Kubernetes traces its lineage directly from Borg. Many of the developers at Google working on Kubernetes were formerly developers on the Borg project. We've incorporated the best ideas from Borg in Kubernetes, and have tried to address some pain points that users identified with Borg over the years.
To give you a flavor, here are four Kubernetes features that came from our experiences with Borg:
1) Pods. A pod is the unit of scheduling in Kubernetes. It is a resource envelope in which one or more containers run. Containers that are part of the same pod are guaranteed to be scheduled together onto the same machine, and can share state via local volumes.
Borg has a similar abstraction, called an alloc (short for “resource allocation”). Popular uses of allocs in Borg include running a web server that generates logs alongside a lightweight log collection process that ships the log to a cluster filesystem (not unlike fluentd or logstash); running a web server that serves data from a disk directory that is populated by a process that reads data from a cluster filesystem and prepares/stages it for the web server (not unlike a Content Management System); and running user-defined processing functions alongside a storage shard. Pods not only support these use cases, but they also provide an environment similar to running multiple processes in a single VM -- Kubernetes users can deploy multiple co-located, cooperating processes in a pod without having to give up the simplicity of a one-application-per-container deployment model.
2) Services. Although Borg’s primary role is to manage the lifecycles of tasks and machines, the applications that run on Borg benefit from many other cluster services, including naming and load balancing. Kubernetes supports naming and load balancing using the service abstraction: a service has a name and maps to a dynamic set of pods defined by a label selector (see next section). Any container in the cluster can connect to the service using the service name. Under the covers, Kubernetes automatically load-balances connections to the service among the pods that match the label selector, and keeps track of where the pods are running as they get rescheduled over time due to failures.
3) Labels.
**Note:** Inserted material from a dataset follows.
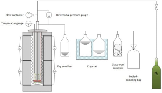 The studied biomass was first dried to 2–3% humidity (Wa) before being pulverized into particles smaller than 10 mm in diameter. The resultant mixture (which contained the investigated polymer blends and biomass) was put in a steel retort and co-pyrolyzed under a nitrogen atmosphere. An electric furnace, a steel retort (where the tested materials were converted), and a system for collecting the liquid and gaseous products comprised the test setup. Figure 1 displays a schematic of the solid fuel thermal conversion system. Nitrogen was injected from the bottom of the retort at a rate of 3 dm3/h. The retort was purged with nitrogen for 15 min prior to pyrolysis, and the treated material was then heated to the aforementioned temperature at a heating rate of 10 K/min. After attaining the required temperature, it was held for 30 min before the sample was cooled to room temperature. The laboratory-scale setup was similar to that employed in previous investigations []. During the procedure, char, liquid, and gaseous samples were collected for future study. To confirm that the reactions were reproducible and stable, the reactions were performed in triplicate.

A container in Borg is usually one replica in a collection of identical or nearly identical containers that correspond to one tier of an Internet service (e.g. the front-ends for Google Maps) or to the workers of a batch job (e.g. a MapReduce). The collection is called a Job, and each replica is called a Task. While the Job is a very useful abstraction, it can be limiting. For example, users often want to manage their entire service (composed of many Jobs) as a single entity, or to uniformly manage several related instances of their service, for example separate canary and stable release tracks. At the other end of the spectrum, users frequently want to reason about and control subsets of tasks within a Job -- the most common example is during rolling updates, when different subsets of the Job need to have different configurations.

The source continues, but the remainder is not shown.